Aeroflot’s net loss almost doubled in the first quarter of 2019

Aeroflot net loss Russia’s largest airline accrued a 16.85 billion roubles net loss, according to local financial standards

Aeroflot, Russia’s national airline, posted a net loss of 16.85 billion roubles (US$265 million) in the first quarter of 2019, according to figures from Russian accounting standards (RAS), which are presented on a non-consolidated basis. Raised jet fuel costs, additional leasing expenditure and maintenance and repair expenses, as well as the effects of the depreciation of the rouble, means the loss is almost double that of the 8.75 billion roubles deficit for the same period a year ago.

The country’s dominant carrier has nevertheless continued its growth path in the first three months of the year, despite the implementation of new cost control measures. Despite this, market factors including changes in foreign exchange rates and jet fuel pricing pressure, significantly affected financial results, says the statement.

In the period, revenue grew by 21.1 per cent year-on-year to 114 billion roubles, an improvement influenced by a 14.3 per cent passenger traffic increase to 8.5 million, following an expansion of the airline’s route network and an increase in flight frequencies to some destinations.

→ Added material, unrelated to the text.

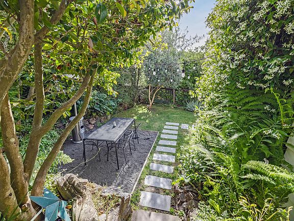 This delightful and tranquil Cape Cod-style home is perfect for a small family. It features two bedrooms, a laundry area, ample storage, a playroom, exercise equipment, a roomy and cozy living room, a backyard with a sauna, and a beautiful kitchen. The house is ideal for remote work, boasting two separate, well-lit spaces for creative work, private study, or constant Zoom calls. The backyard includes a dining area, seating structure, and sauna, all designed and re-landscaped by Open Space Studio in 2019. The front patio offers a custom-built seating area shaded by a stunning persimmon tree and an enchanting beanstalk. The garage has been transformed into a well-lit studio with a large desk, workbench, weight rack, and both shelved and lofted storage. The driveway can fit two cars, with additional parking for two more cars directly in front of the house. House is available until August 1 2025 Owner pays gardening (1x every 2 weeks). Renter pays utilities.

At the same time, foreign-denominated revenues rose due to the appreciation of the euro against the rouble by 7.1 per cent year-on-year; and there were positive trend in yields (+5.6 per cent year-on-year) and RASK (+4.6 per cent), due to an increase in capacity and currency effects.

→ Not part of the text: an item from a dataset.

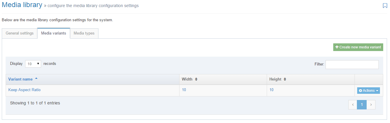 When an image is uploaded to the Media Library you may want one or more resized versions to be automatically created, e.g., when a large photo is uploaded, a small thumbnail is generated as well. The presets used for these variants are configured here.

Aeroflot says that macroeconomic developments, as well as factors associated with the development of the company led to a 25.8 per cent rise in the cost of sales to 133 billion roubles.

Overshadowing all of this, the main first-quarter 2019 increase in costs was the imposition of rising jet fuel expenses, which rose to 6,199 million roubles (up 24.5 per cent year-on-year) due largely to, among other factors, a 10.4 per cent year-on-year increase in rouble prices for fuel. Despite a 5.4 per cent decrease in the Brent oil price, the increase in jet fuel prices was also driven by a 16 per cent depreciation of the rouble against the dollar.

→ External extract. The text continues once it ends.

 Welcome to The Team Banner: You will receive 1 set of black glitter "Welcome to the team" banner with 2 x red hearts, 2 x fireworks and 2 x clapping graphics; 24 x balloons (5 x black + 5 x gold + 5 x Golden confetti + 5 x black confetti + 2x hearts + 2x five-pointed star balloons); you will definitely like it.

During the first quarter, leasing and aircraft and engine maintenance costs increased in line with the expansion of Aeroflot’s fleet and its operating leases for 21 aircraft made available during the last 12 months.

Increased costs are also attributed to an increase in ground service expenditure, added costs for air navigation services and, following an increase in traffic and tariffs charged by Russian airports, higher landing and parking fees.